- _TASK PROMPT_
All that is wanted is the exact text of the lines below from the one with "關(guān)于部分高級(jí)管理人員減持股份的預(yù)披露公告" through the one with "This is an original 1999", inclusive, minus any pictures.

- _INPUT RECORDS_
::::

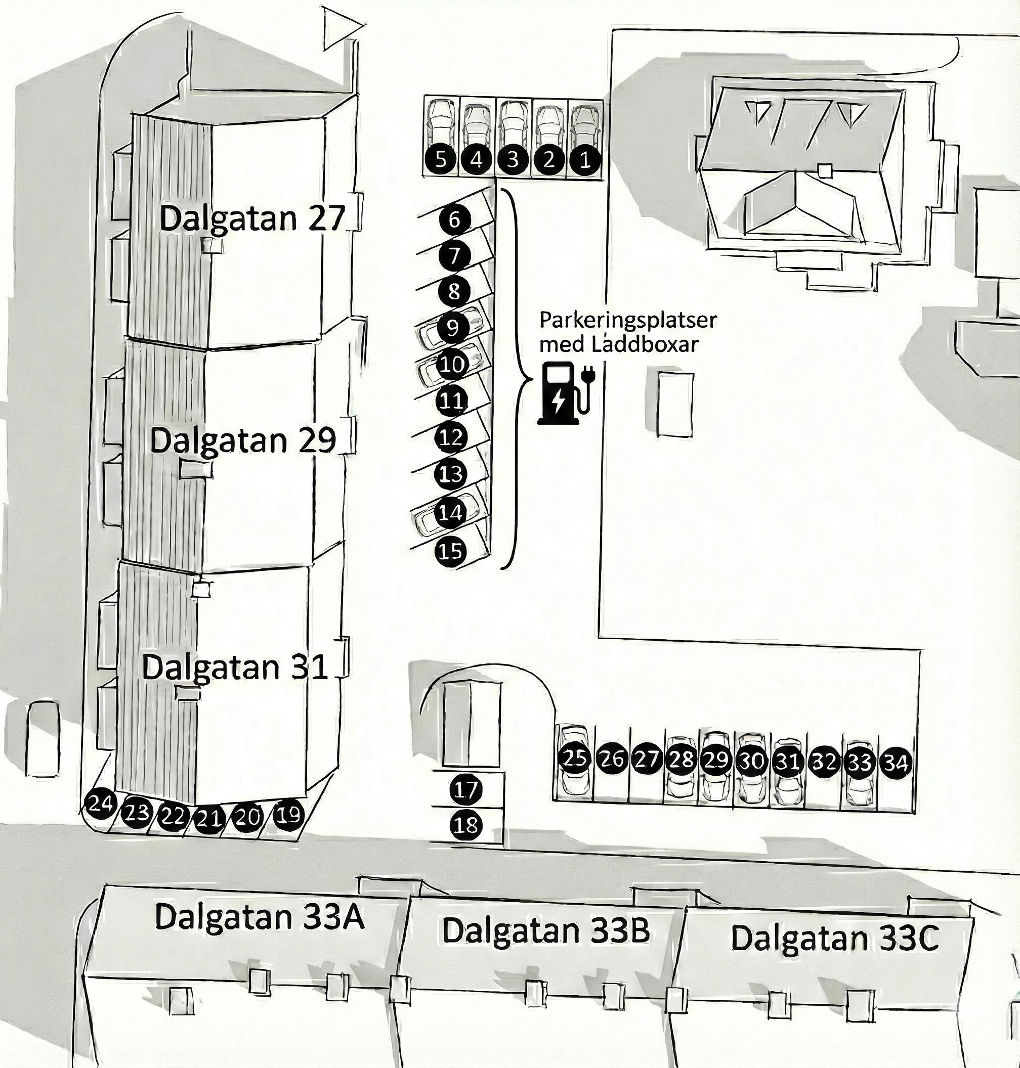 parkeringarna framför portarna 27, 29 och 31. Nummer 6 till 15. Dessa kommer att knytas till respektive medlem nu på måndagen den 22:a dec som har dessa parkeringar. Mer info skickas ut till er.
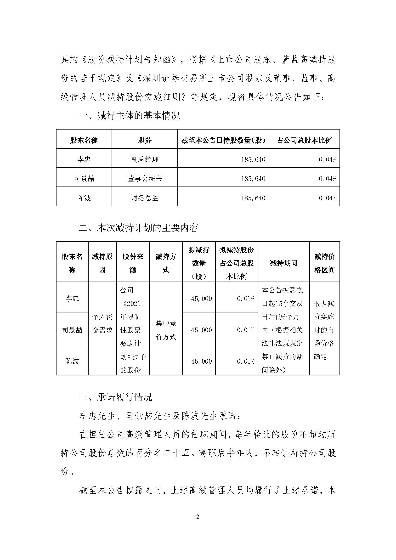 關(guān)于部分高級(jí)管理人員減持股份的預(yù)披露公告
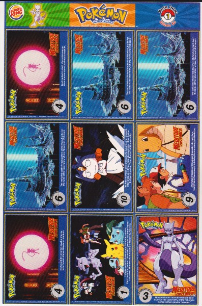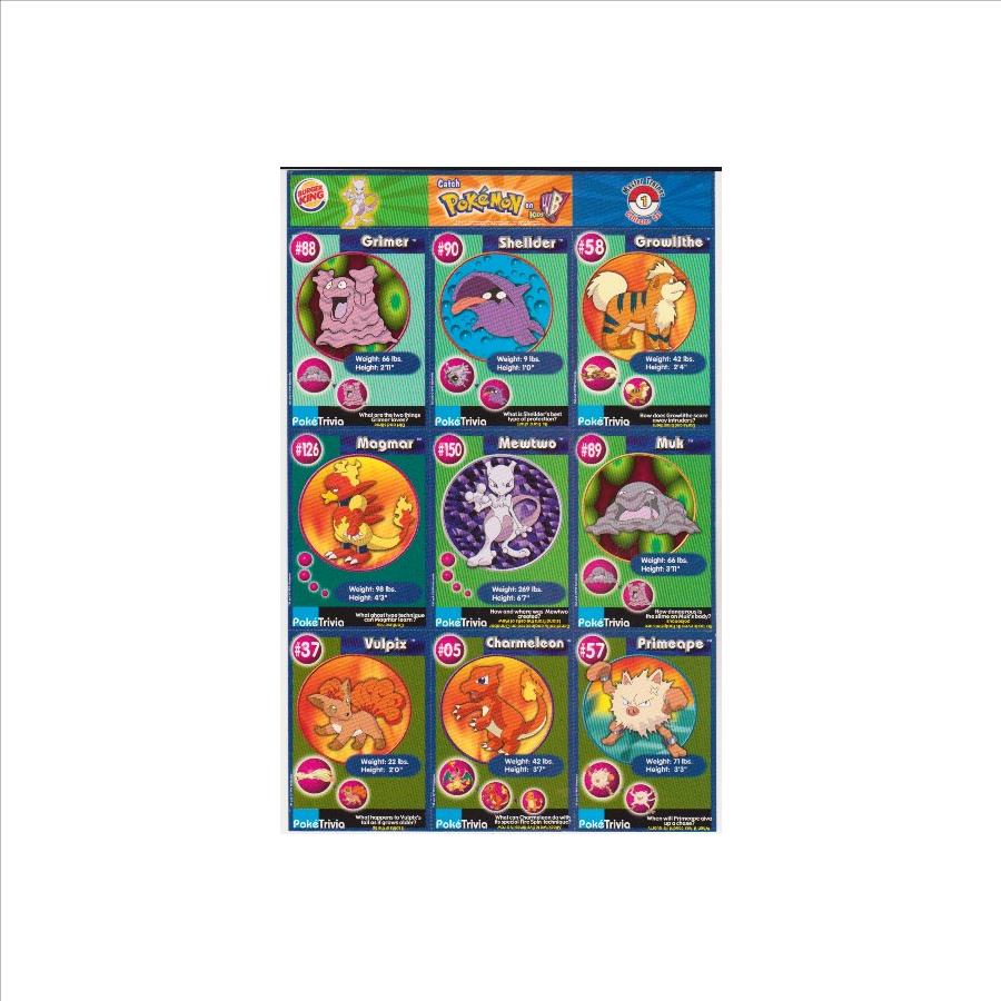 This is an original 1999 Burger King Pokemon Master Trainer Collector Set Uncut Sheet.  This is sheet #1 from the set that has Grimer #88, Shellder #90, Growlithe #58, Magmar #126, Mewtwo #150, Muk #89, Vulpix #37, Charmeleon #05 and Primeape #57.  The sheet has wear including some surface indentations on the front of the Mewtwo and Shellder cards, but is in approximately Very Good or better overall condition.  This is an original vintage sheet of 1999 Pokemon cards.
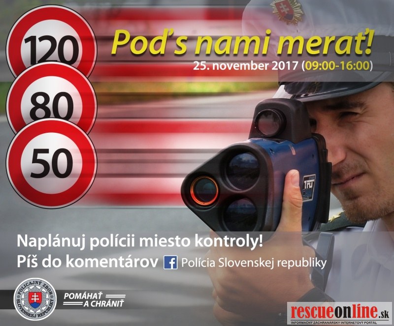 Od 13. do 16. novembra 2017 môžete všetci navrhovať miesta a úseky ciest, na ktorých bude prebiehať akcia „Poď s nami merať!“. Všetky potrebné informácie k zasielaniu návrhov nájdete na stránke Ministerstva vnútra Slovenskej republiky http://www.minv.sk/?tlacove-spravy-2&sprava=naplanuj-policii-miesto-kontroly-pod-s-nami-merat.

::::

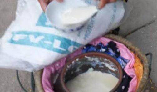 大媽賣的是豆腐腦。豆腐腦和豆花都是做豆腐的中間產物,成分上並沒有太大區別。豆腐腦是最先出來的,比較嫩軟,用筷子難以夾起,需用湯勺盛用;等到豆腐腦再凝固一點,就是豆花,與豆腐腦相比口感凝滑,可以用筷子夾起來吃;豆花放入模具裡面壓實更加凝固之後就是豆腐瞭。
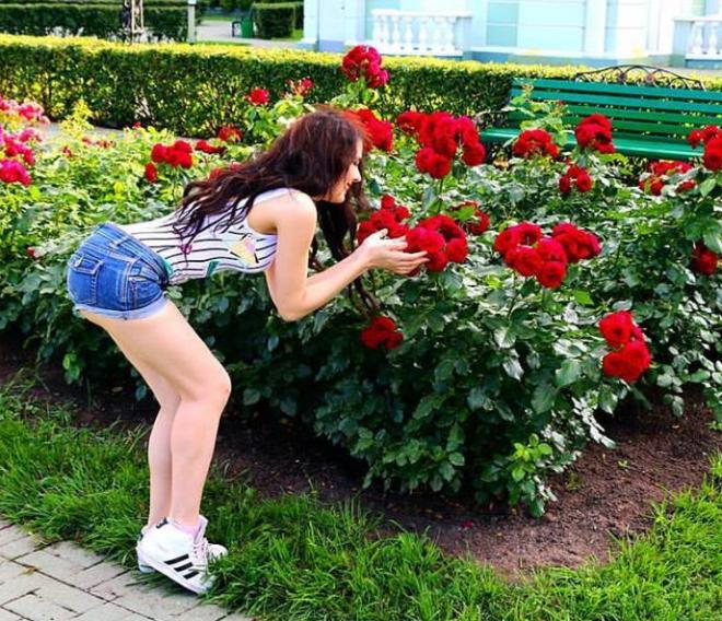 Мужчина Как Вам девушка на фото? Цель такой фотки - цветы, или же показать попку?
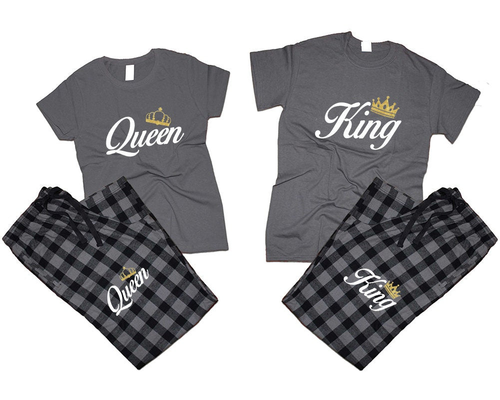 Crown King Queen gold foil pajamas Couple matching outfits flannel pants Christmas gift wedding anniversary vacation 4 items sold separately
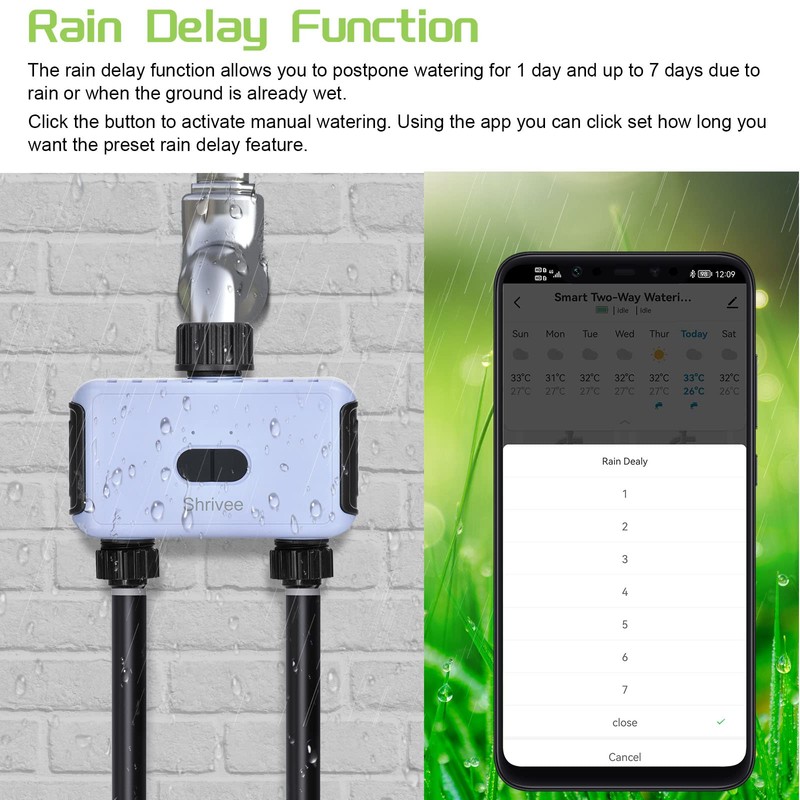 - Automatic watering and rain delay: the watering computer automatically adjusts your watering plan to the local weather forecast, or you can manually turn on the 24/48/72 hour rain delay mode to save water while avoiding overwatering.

::::

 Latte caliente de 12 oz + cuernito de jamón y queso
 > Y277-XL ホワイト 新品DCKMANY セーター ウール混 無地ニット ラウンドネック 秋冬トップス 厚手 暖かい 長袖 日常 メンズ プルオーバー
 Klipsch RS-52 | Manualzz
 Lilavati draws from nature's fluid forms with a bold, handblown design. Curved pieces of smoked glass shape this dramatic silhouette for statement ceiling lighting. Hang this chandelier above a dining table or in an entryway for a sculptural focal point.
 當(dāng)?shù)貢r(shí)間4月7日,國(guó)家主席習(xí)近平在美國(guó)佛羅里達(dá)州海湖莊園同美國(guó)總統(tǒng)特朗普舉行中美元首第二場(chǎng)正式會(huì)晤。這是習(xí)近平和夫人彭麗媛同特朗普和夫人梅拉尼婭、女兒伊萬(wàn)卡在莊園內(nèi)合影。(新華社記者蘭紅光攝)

::::

- _RESULT OF THIS EXERCISE_
 關(guān)于部分高級(jí)管理人員減持股份的預(yù)披露公告
 This is an original 1999 Burger King Pokemon Master Trainer Collector Set Uncut Sheet.  This is sheet #1 from the set that has Grimer #88, Shellder #90, Growlithe #58, Magmar #126, Mewtwo #150, Muk #89, Vulpix #37, Charmeleon #05 and Primeape #57.  The sheet has wear including some surface indentations on the front of the Mewtwo and Shellder cards, but is in approximately Very Good or better overall condition.  This is an original vintage sheet of 1999 Pokemon cards.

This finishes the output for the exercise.